How Breakpoints Work
Class Diagram
For an overview of the classes involved, see the
breakpoints.dia
file. This is a diagram created with
GNU Dia, a GNOME Linux application.
Breakpoint Groups
Breakpoint groups are collections of breakpoints. They can be
modified as a whole, which is convenient for users setting lots of
breakpoints.
- Disabling a breakpoint group will mean that the breakpoints
in the group can not truly be enabled. Their state may be enabled
but they will remain effectively disabled so long as the parent
group is disabled.
- There will be a "Default" breakpoint group into
which all new breakpoints are placed. This group will always be
enabled when a new session starts.
- The breakpoint manager will hold the list of breakpoint
groups, inside which all of the breakpoints will reside.

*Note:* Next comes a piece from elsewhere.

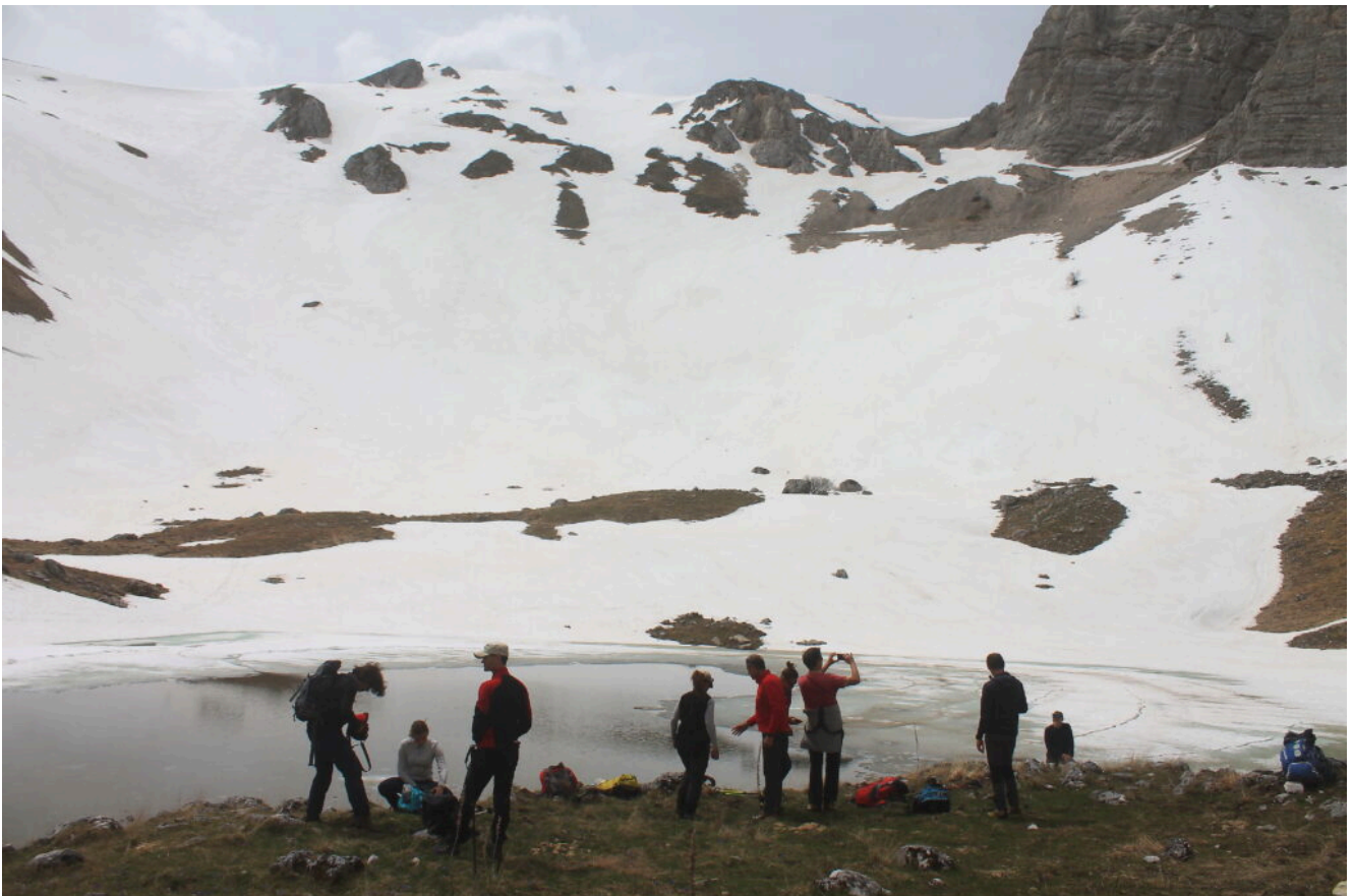
28- Aperitivo delle ore 12 al Laghetto con 15 persone.

- Breakpoint groups can be inside other breakpoint groups.
Breakpoints
Breakpoints are those objects that cause execution to halt in
the debuggee process. They can be set in any class at any line of
executable code.
- Breakpoints have several states: unresolved, disabled,
expired, skipping
- The 'stop' command will still work, but creates only
a simple breakpoint. More complex options must be configured
through breakpoint dialog.
- Breakpoints will support more than one conditional. For the
breakpoint to halt execution, all of the conditionals must be
satisfied.
- Breakpoints will keep track of how many times they were
hit.
- Breakpoints should probably have colors associated with their
states, so various UI components are consistent overall. Make a
method for getting the breakpoint's "color", so
other classes are easier to write.
- Breakpoints will support more than one monitor. A monitor is
an action that will be performed whenever the breakpoint should
stop.
- Breakpoints define a shouldResume() method that tells whether
or not the execution of the debuggee VM should remain halted.
This is called when a BreakpointEvent has occurred in the
debuggee VM. This method will first check if the breakpoint has
expired or not. Then it will check the set of conditionals to see
if the conditions are satisfied.
- The breakpoint has a shouldResume() method that returns true
if the conditions are not satisfactory for the breakpoint to
cause the debuggee VM to stop executing.
- The breakpoint defines a performStop() method should be
called when the breakpoint has been "hit" so that
monitors are executed.
- Breakpoints need a reset() method to reset all the counts to
zero and return it to unresolved state. This will not affect the
enabled state.
- When the session deactivates, the breakpoints are all
reset.
- When the same session begins again, the breakpoints need to
prepare to resolve themselves.
- Breakpoint manager needs to re-enable itself when the session
activates.
How to set a breakpoint
- UI layer gets a breakpoint setting request, such as an
invocation of the 'set' command or the SetBreakAction.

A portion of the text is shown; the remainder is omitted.